Lembram-se da altura em que a simplicidade mecânica de Doom e Duke Nukem 3D abriram as portas para alguns dos momentos mais efusivos que tivemos na nossa adolescência enquanto jogadores? Quando o ambiente tridimensional habitado por sprites animados que nos perseguiam e que faziam jorrar sangue, também ele pixelizado, pelo ecrã?

This Strange Realm of Mine pega nesses FPSs clássicos e deita-os na marquesa, psicanalisa-os e deixa-os sair do consultório como uma nota na mão a revelar que todos os esforços são infrutíferos e que apenas a morte será resposta.

Num mercado com pretensões hiper-realistas como é o dos videojogos nos dias de hoje, sentimos uma grande surpresa em ficar verdadeiramente com “pele de galinha” com o ambiente que o jogo cria. Num FPS notoriamente mais narrativo, profundo e psicológico que arranca logo após a criação do nosso protagonista para a sua morte.

O que se segue é uma viagem assustadora para escapar do Inferno, onde as ideias do mesmo são algo distantes das pré-concepções que temos do mítico reino.

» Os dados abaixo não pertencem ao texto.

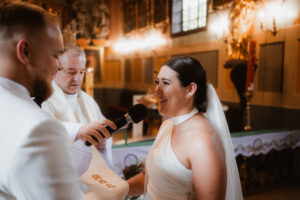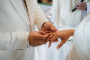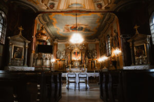 Współczesne reportaże ślubne coraz częściej stawiają na kameralność, bez wątpienia jest to trend, który jest nam szczególnie bliski. Przede wszystkim wybór, jakim jest mikrowesele w stylu old money, to świadoma decyzja o byciu blisko. W konsekwencji w takich historiach fotografujemy bez pośpiechu i bez zbędnej presji. Z przyjemnością zanurzamy się w spokojnym rytmie slow wedding, podobnie jak w przypadku naszej innej historii z Agro-pustelnika

This Strange Realm of Mine conseguiu agarrar-nos de início no quão assustador era o ambiente inicial, onde tínhamos de optar por iluminar os corredores escuros com a nossa tocha ou empunhar uma arma de fogo. E aquelas criaturas disformes/sprites animados num espaço quase em total escuridão a caminharem de forma errática conseguem ser mais assustadores que qualquer zombie hiper-realista da actualidade.